◆ **Work instruction**
Everything in the listing that follows should be reproduced exactly except the pictures.

◆ **Data block**
════

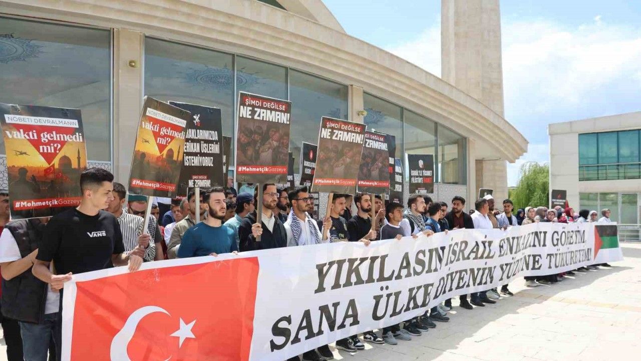 Yürüyüş hakkında bilgi veren öğrencilerden Zeki Kaya Alp, "2 Mayıs 2025 gecesi 150 günü aşkın süre boyunca türlü siyasi ve bürokratik engellemelerle İstanbul’da bekletildikten sonra Filistin’e insani yardım ulaştırmak amacıyla yola çıkan vicdan gemisi, uluslararası sularda bulunduğu esnada Siyonist İsrail tarafından dron saldırısına uğramıştır. 2010 yılında Mavi Marmara Gemisi’ne düzenlenen saldırıda 10 vatandaşımız şehit edilmiş, uluslararası hukuk açıkça çiğnenmiştir. Bugün aynı zihniyetle tekrar sahneye çıkmış ve yine insanlık suskun kalmıştır. Arada geçen 15 yılda değişen tek şey, İsrail’in cüretkarlığının boyutudur. Biliyoruz ki suç cezasız kalırsa zalim daha büyüğünü yapar. Tıpkı bugün olduğu gibi. Silahsız, sivil ve tamamıyla insani yardım amacı taşıyan bu gemiye yönelik saldırı bir savaş suçudur. Bu saldırı sadece yardım gönüllülerine değil, ümmetin iradesine, insanın vicdanına ve İslam dayanışmasına karşı yapılmış bir meydan okumadır" dedi.
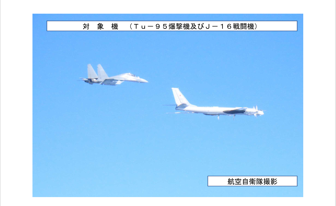 与在东海上空中国方面的轰-6K轰炸机、空警-500预警机、歼11B、歼16、Su-30MKK和Su-30MK2战斗机汇合后,自东海至四国岛近海的太平洋区域实施了长距离联合飞行。
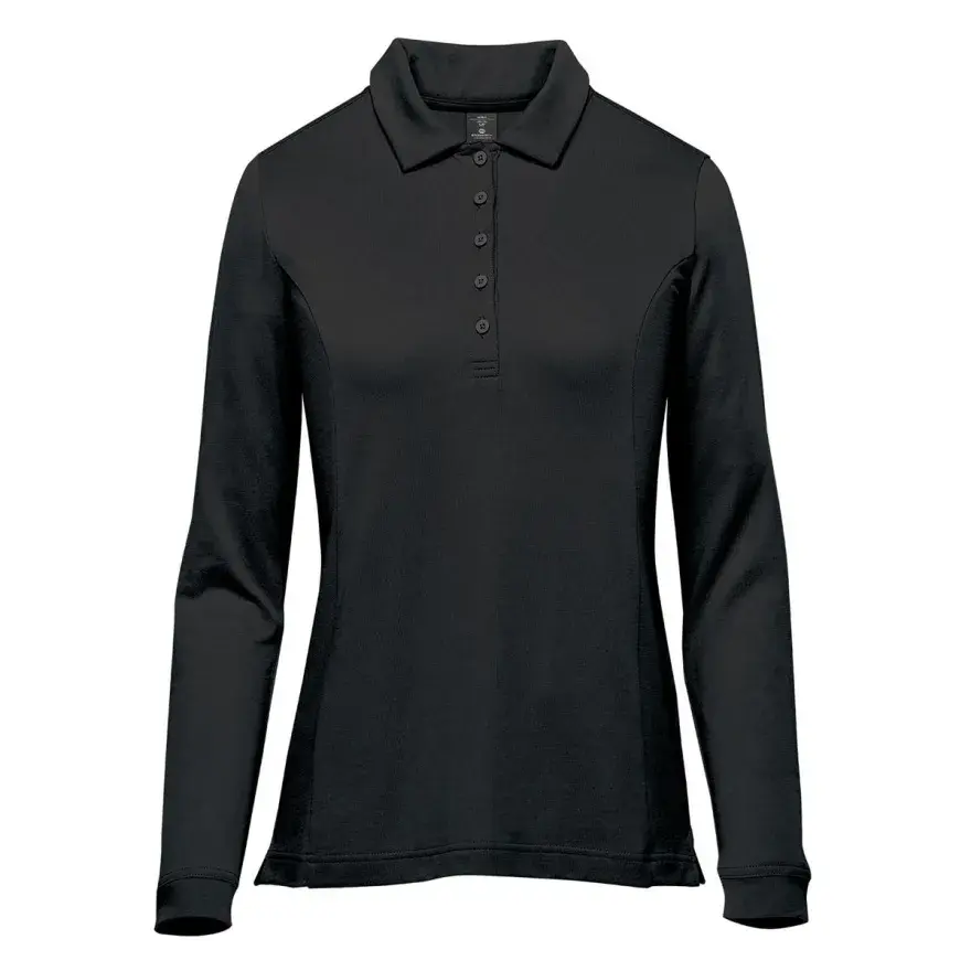 The Nevada Long Sleeve Micro Pique Polo is made from 100% certified cotton for superior softness and comfort. Self-fabric collar with collar stays help keep this collar under control and in shape, even after washing.

════

◆ **Answer to the problem**
 Yürüyüş hakkında bilgi veren öğrencilerden Zeki Kaya Alp, "2 Mayıs 2025 gecesi 150 günü aşkın süre boyunca türlü siyasi ve bürokratik engellemelerle İstanbul’da bekletildikten sonra Filistin’e insani yardım ulaştırmak amacıyla yola çıkan vicdan gemisi, uluslararası sularda bulunduğu esnada Siyonist İsrail tarafından dron saldırısına uğramıştır. 2010 yılında Mavi Marmara Gemisi’ne düzenlenen saldırıda 10 vatandaşımız şehit edilmiş, uluslararası hukuk açıkça çiğnenmiştir. Bugün aynı zihniyetle tekrar sahneye çıkmış ve yine insanlık suskun kalmıştır. Arada geçen 15 yılda değişen tek şey, İsrail’in cüretkarlığının boyutudur. Biliyoruz ki suç cezasız kalırsa zalim daha büyüğünü yapar. Tıpkı bugün olduğu gibi. Silahsız, sivil ve tamamıyla insani yardım amacı taşıyan bu gemiye yönelik saldırı bir savaş suçudur. Bu saldırı sadece yardım gönüllülerine değil, ümmetin iradesine, insanın vicdanına ve İslam dayanışmasına karşı yapılmış bir meydan okumadır" dedi.
 与在东海上空中国方面的轰-6K轰炸机、空警-500预警机、歼11B、歼16、Su-30MKK和Su-30MK2战斗机汇合后,自东海至四国岛近海的太平洋区域实施了长距离联合飞行。
 The Nevada Long Sleeve Micro Pique Polo is made from 100% certified cotton for superior softness and comfort. Self-fabric collar with collar stays help keep this collar under control and in shape, even after washing.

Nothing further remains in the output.